Deep blues at schools
JC boy seen violently boxing schoolmate in video among seven students hit with serious criminal charges in St Andrew Central in recent weeks
AGAINST the backdrop of recent violent incidents involving high schoolers in the Corporate Area a senior police officer has lamented that despite proactive measures, physical altercations including armed fights continue to trend at an alarming rate.
“We are not strangers as members of the organisation [Jamaica Constabulary Force] to treat with these things, but they are getting one too many, and that is what we want to reduce,” head of the St Andrew Central Police Division Acting Senior Superintendent Mark Harris told the Jamaica Observer on Friday, a day after a 16-year-old Jamaica College schoolboy was charged for assaulting a fellow student.
Harris confirmed that the teen was charged with assault occasioning bodily harm and is expected to appear in court sometime next week.
Jamaica College has figured prominently in the headlines in recent times for positive and negative activities. The school captured the Mortimer Geddes Trophy as the boys’ champion at the 2026 ISSA/GraceKennedy Boys’ and Girls’ Athletics Championships in March and days later broke a 39-year drought by capturing the 2026
TVJ Schools’ Challenge Quiz championship title.
But, amidst the celebrations, the school was under scrutiny as news broke about a March 24 incident in which one student was left nursing injuries and another arrested on assault charges.
Then last weekend a now-viral video emerged showing two students assaulting a schoolmate.
On Monday news broke about the fatal stabbing of 13-year-old Seaforth High School student Kland Doyle by a schoolmate in Morant Bay, St Thomas.
Harris on Friday also pointed to the arrest and charge of four schoolboys in the Gordon Town, St Andrew, after they were allegedly found in possession of offensive weapons.
“A similar incident happened three days ago at the Papine High School, when four students were fighting and all of them were charged for offensive weapons — knives, icepicks and machetes — and we had to intervene quickly to break it up. They weren’t charged for the fight, because none of them made any report as it pertains to being assaulted, but we charged them for the weapons that they had which were offensive weapons,” Acting SSP Harris told the Observer.
He also pointed to another incident which resulted in a then 14-year-old student being hospitalised in critical condition.
“Closer to Boys’ and Girls’ Champs we had a similar incident in Half-Way-Tree, where a Calabar student was injured and hospitalised in the intensive care unit for a while. The person was charged and is still in custody. We held a lot of meetings with a lot of stakeholders, including the Ministry of Education, to level the tension before Champs and it worked,” he added.

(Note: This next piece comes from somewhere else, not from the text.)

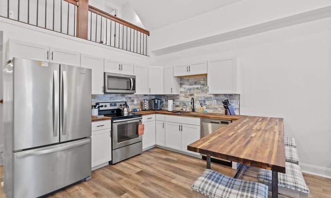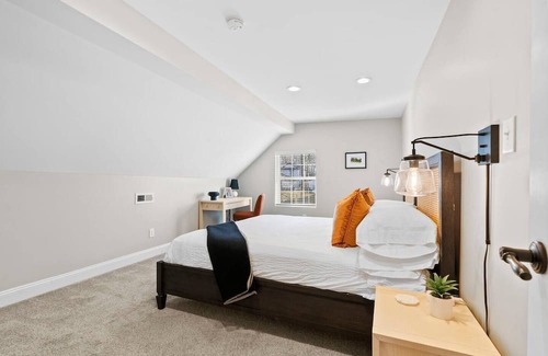 Indulge in comfort and style in this inviting home with a thoughtfully designed space by the wonderful Schnabel Intertiors, located here in Lexington. The first floor boasts a luxurious master bedroom featuring a king bed and a full bathroom for ultimate convenience. Another cozy bedroom on the same floor offers a queen bed. Ascend to the second-floor loft, where a spacious area awaits, furnished with a king bed and a convenient desk.

Harris also raised concern that some violent incidents involving teens are not reported or detected. However, he said the police continue to educate and tackle violence among teens.
“We are working on it… I know other [police] divisions are also trying their best to alleviate these types of behaviour from youngsters,” said Harris as he reminded children of the likely outcome if they are involved in violent altercations.
“I just want to say that these incidents set a bad precedent for the future of how we interact. These [students] will become adults in a few years and then the adult world is so different and demanding and even needs more discipline than in schools, because serious crime is not a joke, it has serious implications on persons if they commit these crimes,” said Harris.
“We are working with other stakeholders and other agencies to assist these persons and to let them understand the implications of these senseless things in them being arrested and charged and taken before the court,” added.
The divisional commander pointed out that the Community, Safety and Security Branch has been active in the many schools in St Andrew Central.
He said programmes are already in place to tackle school-based violence.
“We have school resource officers and a territorial officer who manages these aspects. We have a lot of schools where we have officers assigned. Officers also visit these schools and we keep a lot of meetings and interventions treating with these things,” Harris noted.